梅雨に天使さんと見た虹が印象に残っているくらいなものである。
「本当はもう少し頻繁に沖縄に帰って来たいんですけど、未成年だと色々と厳しいですね」
「お正月とかは帰ったりしてないの?」
「真乃香さんが忙しいので難しいです」
真乃香さんの会社はそこそこ忙しい。
年末年始はとくに忙しく、休めても3日がいいところである。
「沖縄のこの家の事もあるし、僕と千佳はまだ子供だし、色々と我慢してるようではありますけどね」
「真乃香さん、本部くんにはすっごい甘えてくるよね」
「ああやってふざけてないとやってられないんでしょうね。大人は大変だ」
「本部くんだって、勉強も家事もしっかりやって偉いと思うよ。あたしは勉強苦手だし」
「勉強と家事しかすることはないですからね。他は必要がない」
勉強していい成績を維持して、家を守ってればとりあえず問題はない。
余計な事をしなければ、また直人さんに頼る必要もない。
と言ってもインスタなんてやってて黒須さんに殺されそうになっているわけだから、多少は余計な事をしてしまっているわけだが。
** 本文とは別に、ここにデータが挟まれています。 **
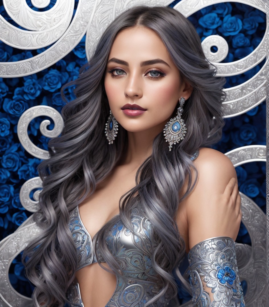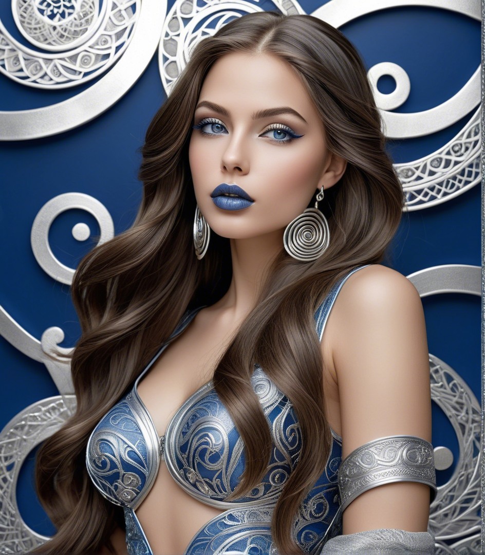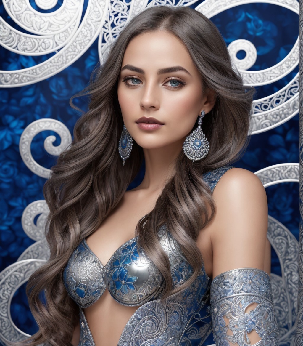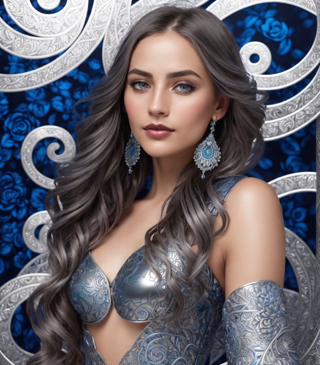 Digital Art portrait. Smooth metallic texture with silver and deep blue hues, intricate silver engravings, spirals, floral designs, almond-shaped eyes, subtly colored lips, --ar 1:1 --q 2 --s 750, brightened color palette, multi-layered eyes, headshot, intricate indiecore details, tetradic color scheme baby-blue dark-blue silver-blue light-blue, smooth 3 point lighting, consistent dappled lighting, tesselated, stippled, blotted, Vfx-inspired, abstract influences, color hues by Overton Loyd and Ho baron and Stan Lee's luminism, stylized hairdo, soft edges, stylized design hand-drawn, intricate zentangle patterns in background, plasticity 1.3, bioluminiscent, multi-layered eyes, mix of ink and oil, detailed line work, resin coating, styled by John Buscema, movie still, subsurface scattering 1.3, vintage aesthetic, warm tones, coarse texture, complex lighting setup, brightness 1.3, highlighted, reflections squiggly line art, LiDAR point cloud integration, intricate and complex features, oil and wax mediums used, creative and artistic approach, overall composition by Ho Baron and Lyonel Feininger. Folk-art remniscence, tribal, zentangle, 3d effects, dynamic lighting, quaint, serene, fine micro-pen linework, reminiscent of Susan Seddon Boulet's rewildered essence, orphism influence, textured skin, complexion 1.3, dof, bokeh, debeh, gothical fantasy, urban steampunk, intricate chin, lean nose, detailed multi-layered eyes, rounded edges, approach, watercolor overspray technique, extreme variety of colors, textured skin akin to William Bradley's artistry, slightly sculpted, flowing hair illusion, ethereal atmosphere, layers of fabric, asymmetncal, jewel-toned color explosion, stylized in style of Yinka Shonibare, (background: ((psychedelic, (triadic color scheme of grey, dark-blue, and silver) 8:11, gelsculpt 64k), precision, overlaid texture on roughly woven canvas, novelty architecture) 8:17)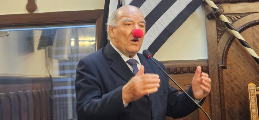 Usando um nariz de palhaço, o vereador José Roberto Segalla disse que essa era é a sensação de sentimento da Câmara Municipal.
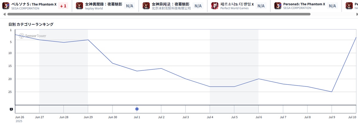 セガの『ペルソナ5: The Phantom X』が25位から4位に浮上した。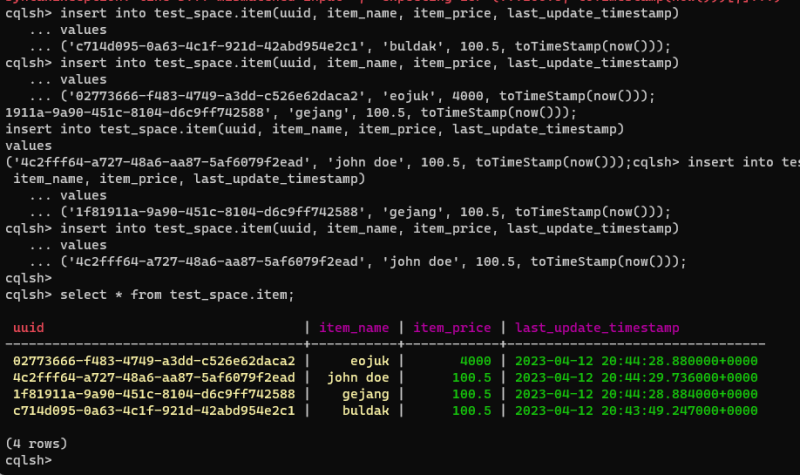 insert into test_space.item(uuid, item_name, item_price, last_update_timestamp)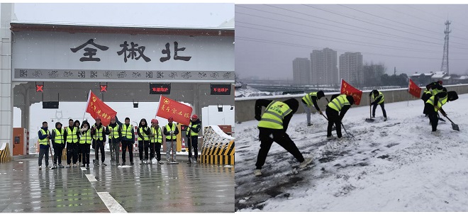 全椒建投成立“青年臨時(shí)突擊隊”清掃全椒北互通立交項目上跨合寧高速橋面積雪。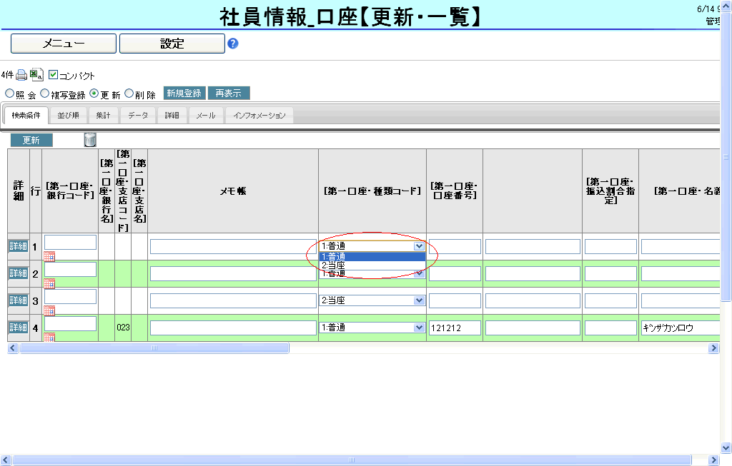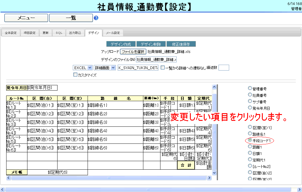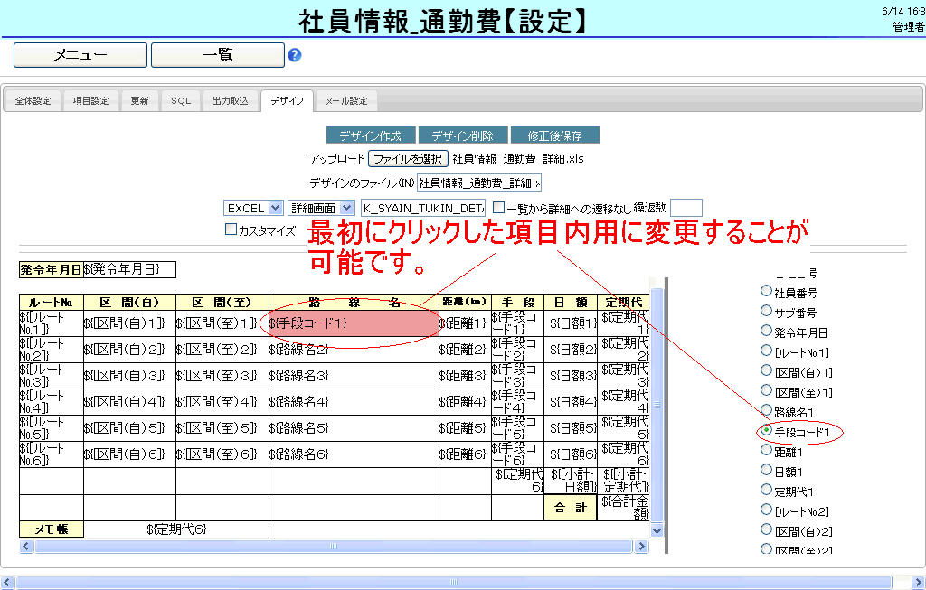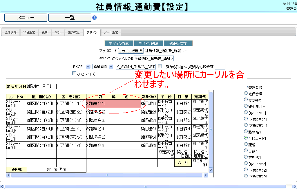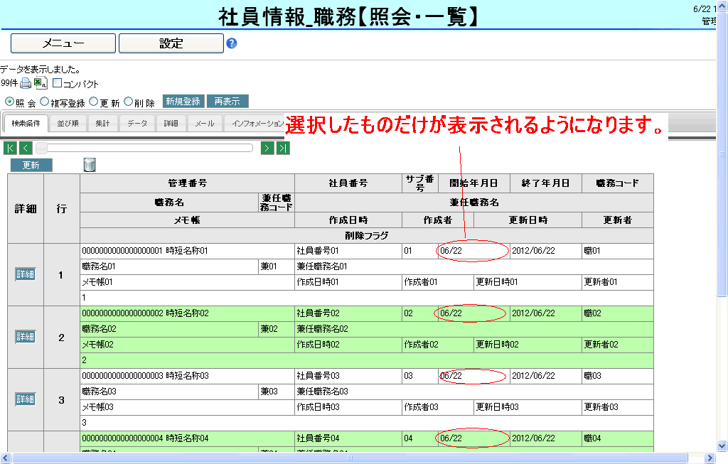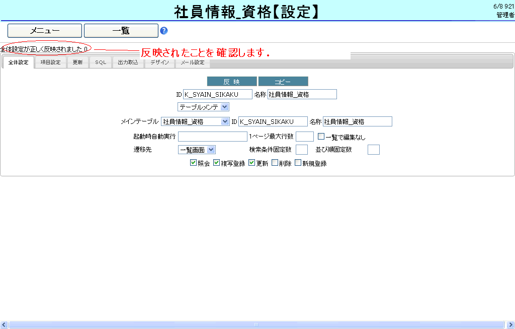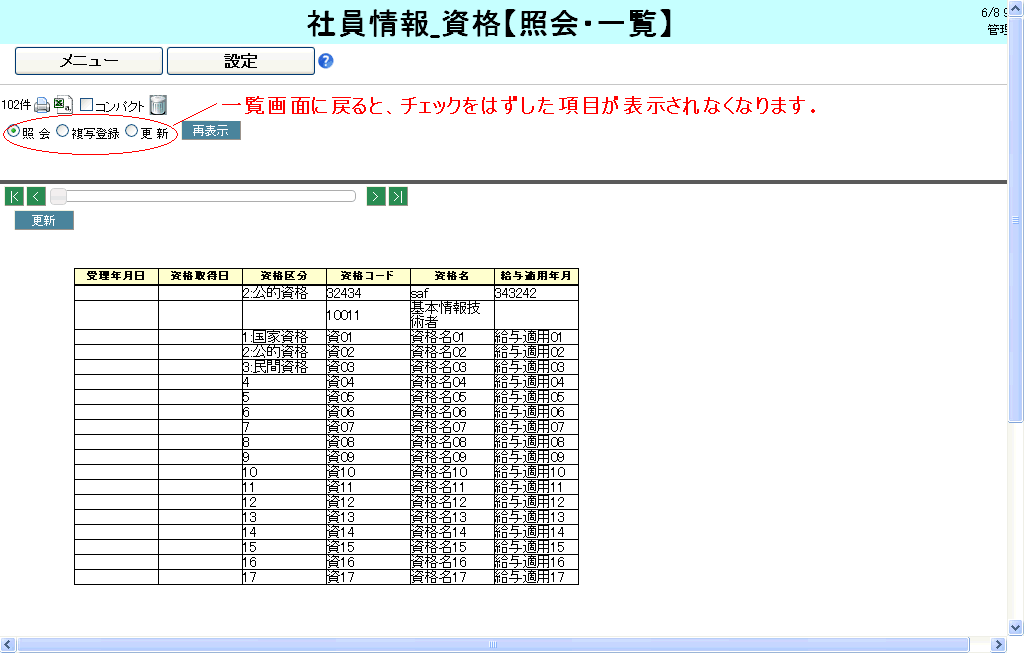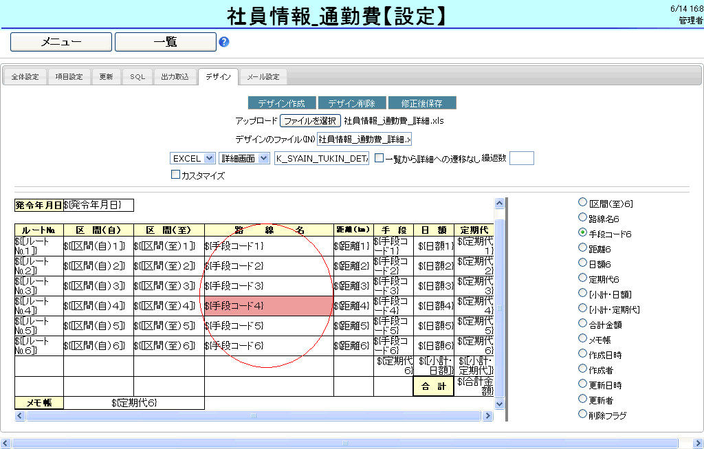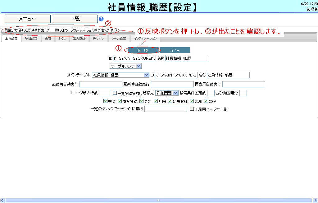 | ⑪更新時ID | チェックをつけると、その項目を更新した人のIDが表示されます |

「でも本部くんは偉いね。ご先祖さまを大切にできるって良いことだと思う。あたしがやってるのとか、作った料理をパパにお供えするくらいしかしてないし」
「お父さんとしては、娘の手料理を食べられるんだからいいんじゃないですかね。泣いて喜んでるかもしれません」
「泣いてるかな〜。すました顔して「まあまあだな」とか言いそう。うちのパパ」
ノリノリで天使さんはお父さんのモノマネをしていてちょっと面白かった。
「僕には両親の記憶はあまりないから、そういうモノマネできるのがちょっと羨ましいです。顔すらうろ覚えなので」
「そっか」
遺影で見る写真はどこか他人にしか思えない。
記憶の中ですらぼやけている。
最後に見たのは車に轢かれて血だらけで倒れている両親の姿だ。
共働きでいつもおばぁちゃんが僕らの面倒を見ていた。
そのおばぁちゃんも亡くなって今は東京にいる。
「大人になって落ち着いたら、この家に帰って来ようと思ってるので、盆暮れ正月の仏壇のお世話は問題ないんですけどね。今は年一しかお迎え出来なくてすみませんっていつもご先祖さまには謝ってますよ」
「生きてるからね。そりゃまあしょうがないよ」
生きていれば色々ある。
責任すら取れない僕にはどうしようも無いことは山ほどある。
今の生活を維持するのでわりと精一杯。
「そっか。本部くんは沖縄に戻るんだね」
「そうですね」
「あ、あたしも大人になったら沖縄に住もうかな」
「気に入ったんですか?」
「うん。まあそう」
島ぞうりをパタパタさせながら下を向く天使さん。
その細く綺麗な脚からなんとなく目を逸らして僕はまた空を見上げた。
「戦闘機の音とかうるさいし、桜は1月に咲いて風情は無いし、セミはうるさい。観光なら良いかもですけど、住むとなるとおすすめはしませんね」
「だいじょぶ。本部くん居るし」
「僕がいて大丈夫になるとは思わないですけどね」
微笑みながら僕を見られても困る。
僕は直人さんみたく何でもできるわけじゃない。
できないことの方が多い。
出来てたなら、こうなってない。
「そろそろ寝ましょう。明日もありますし」
「もうちょっとだけ、一緒にいない?」
立ち上がった僕の手を握る天使さん。
握られた手を振りほどく気にはなれず、されどどうしていいはわからない。
「沖縄にはマジムンと呼ばれる妖怪たちがいるんですよ天使さん。知ってますか?」
「べべべ別に怖くないよ?」
「夜更かししてると取り憑かれるかも……」
「わ、わかった! わかったよ。もう……」
「それに、夜更かしはお肌にも悪いですからね。天使さんは女の子ですし」
真乃香さんとかよく顔パックしてるし、女のお肌は大事らしい。
「そ、そだね。うん。夜更かしはいけないね」
「はい。おやすみなさい」
「うん。おやすみ。本部くん」
小さく手を振って部屋に戻る天使さんを見送ってから僕も眠りについた。
握られた手のあたたかさはまだ残ったままだった。